— Я знаю место, где никто нас не найдет, — оживился Василий.
— Поехали! — решительно сполз на пол я.
В паху черти развели такой костер, что хоть волком вой! Или я займусь, наконец, с любимым парнем сексом, или кого-нибудь порешу.
— Хватай фрукты, сок, торт и тарелки с кружками, а я это… Кое-что из твоей спальни прихвачу, — полыхнул ушами Василий и испарился.
— Я соберу корзину, не беспокойтесь, — улыбнулся Петрович.
Я не стал спорить, сел на стул и только тогда понял, что устал, как собака. Культяпка подло заныла, напоминая о себе, а голова загудела от количества мыслей, идей и задумок.
— Алекс, вы как, в порядке? — склонился надо мной Петрович.
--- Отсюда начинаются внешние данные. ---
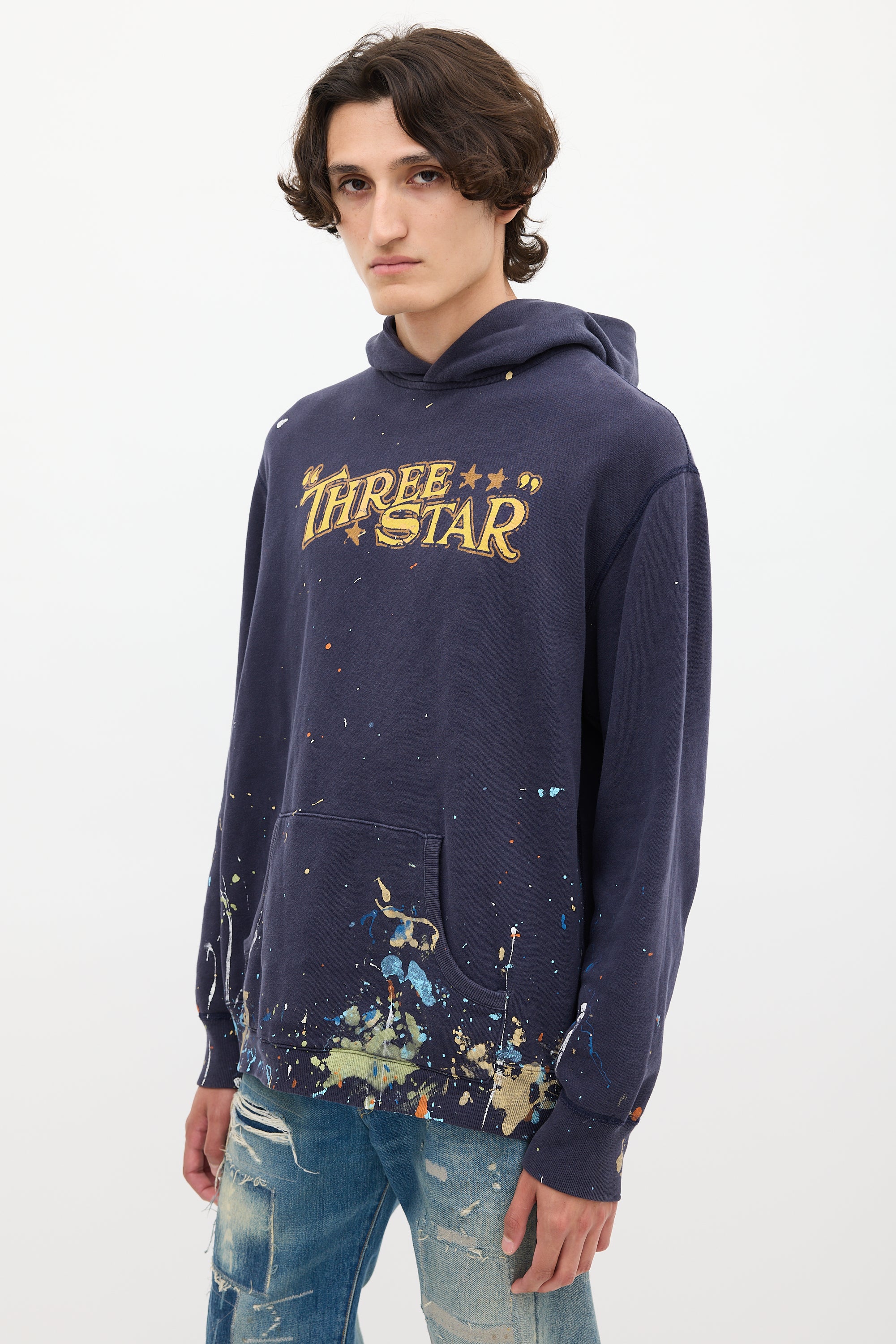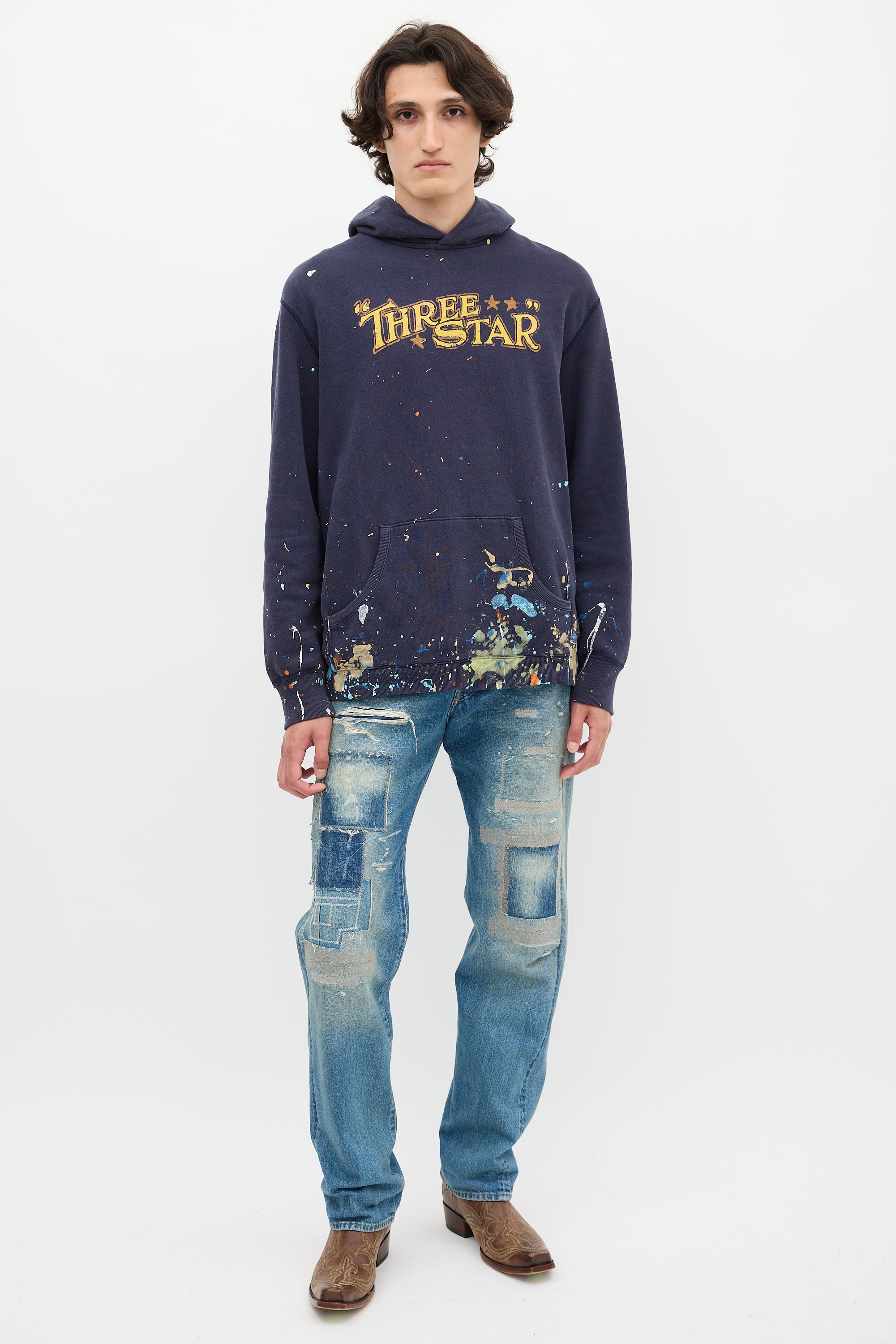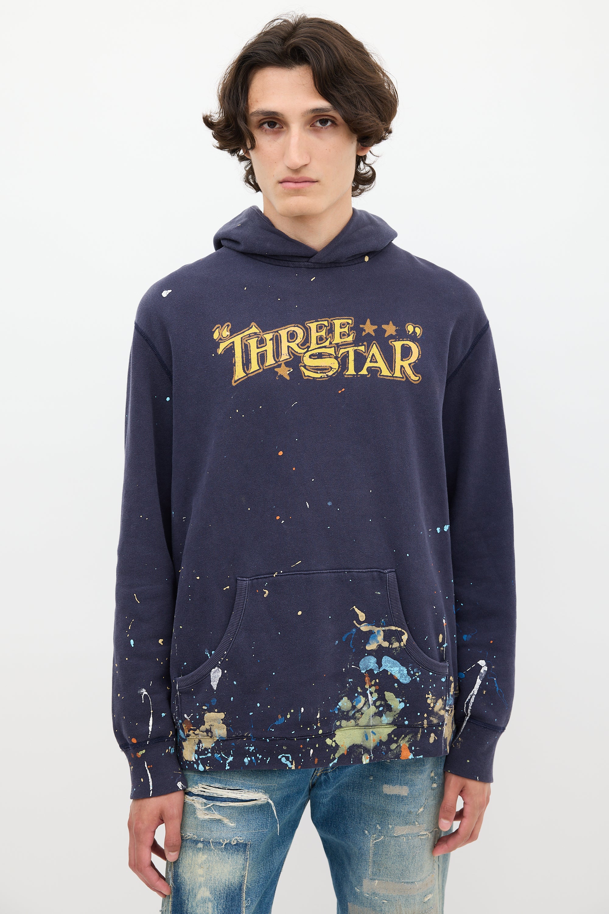 Pre-owned Ralph Lauren Polo navy hoodie featuring yellow "Three Star" lettering printed across chest, multicolour paint splatters throughout, single front kangaroo pocket, long sleeves, and ribbing at hem and cuffs.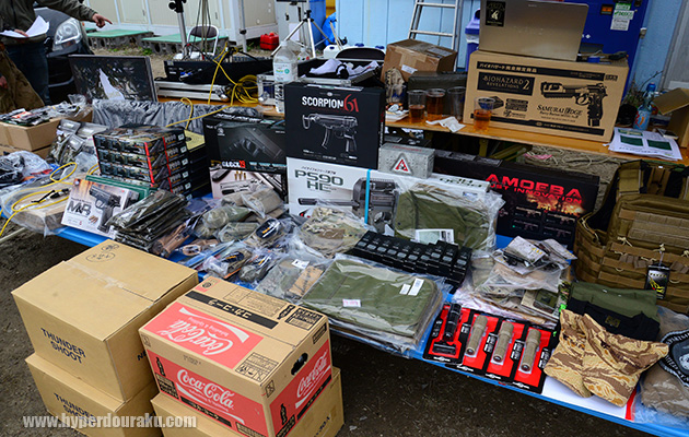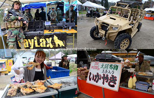 TP Labo、LAND ARMS、SHOEI、サムズミリタリ屋。サムズはドリンクやフランクフルトを販売していた。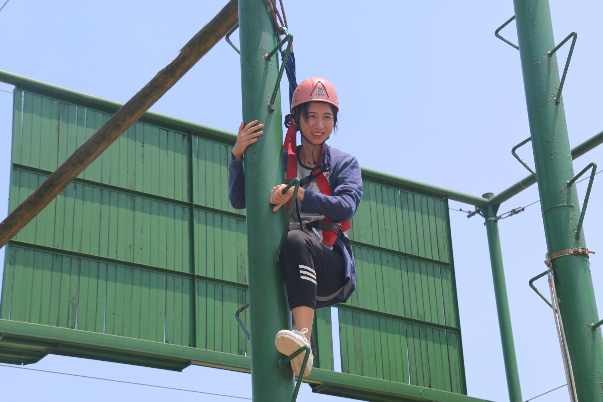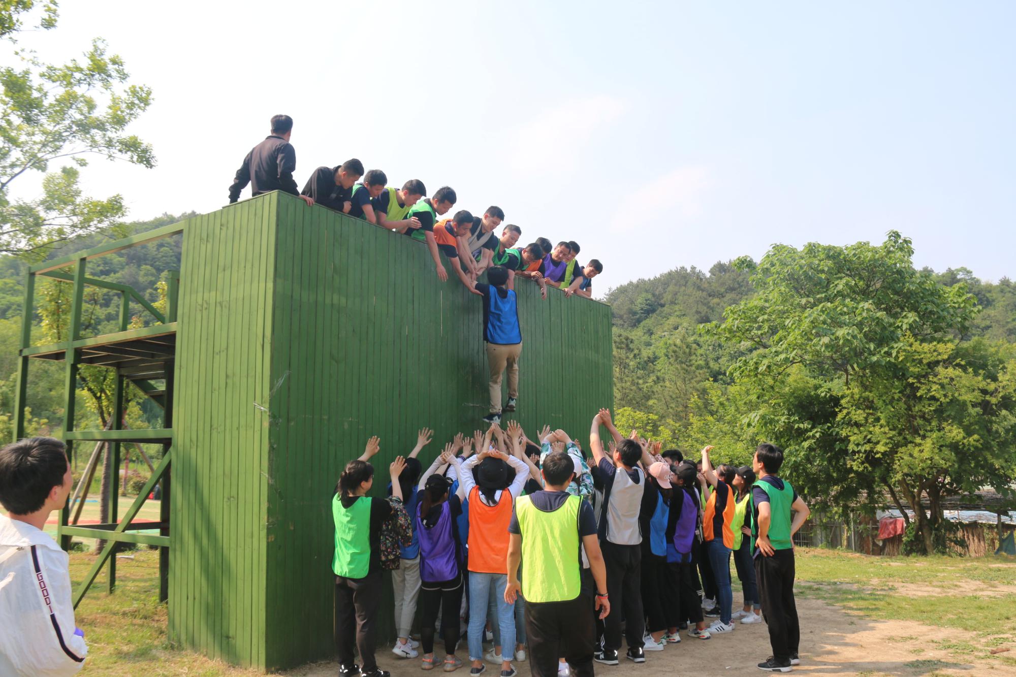 求生墙项目将当天的活动引向高潮。三米多高的90度垂直木板墙,40分钟的限时时间,需要同学们齐心协力,互相配合,甘于奉献,让每一位队员都能翻过高墙。游戏刚开始,大家纷纷觉得“不可能”,“太难了”!但是在教练的引导和同学们的激烈讨论、集思广益后,大家随即制定了高效的攀爬战术,一个接一个有序、安全、迅速地翻越了高墙,仅仅用了20多分钟就完成了翻越!“集众人之力,则无往不胜”,是大家最深切的体会。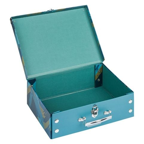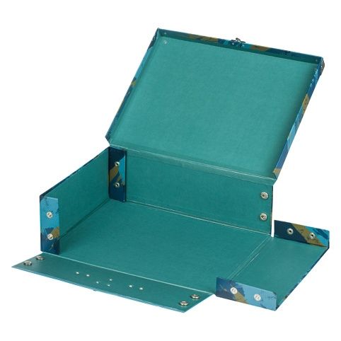 Skládací kufřík z pevného laminovaného papíru s okovanými rohy.

Подал ароматный чай и продолжил собирать внушительного вида корзинку для пикника. — Может, не стоило развивать такую бурную деятельность? Вы ведь из больницы только вчера сбежали. Сотрясение мозга — не самая приятная штука. Последствий не боитесь?
— Почему-то мне кажется, что сотрясение мозга — это последнее, чего мне стоит бояться, — пошутил я.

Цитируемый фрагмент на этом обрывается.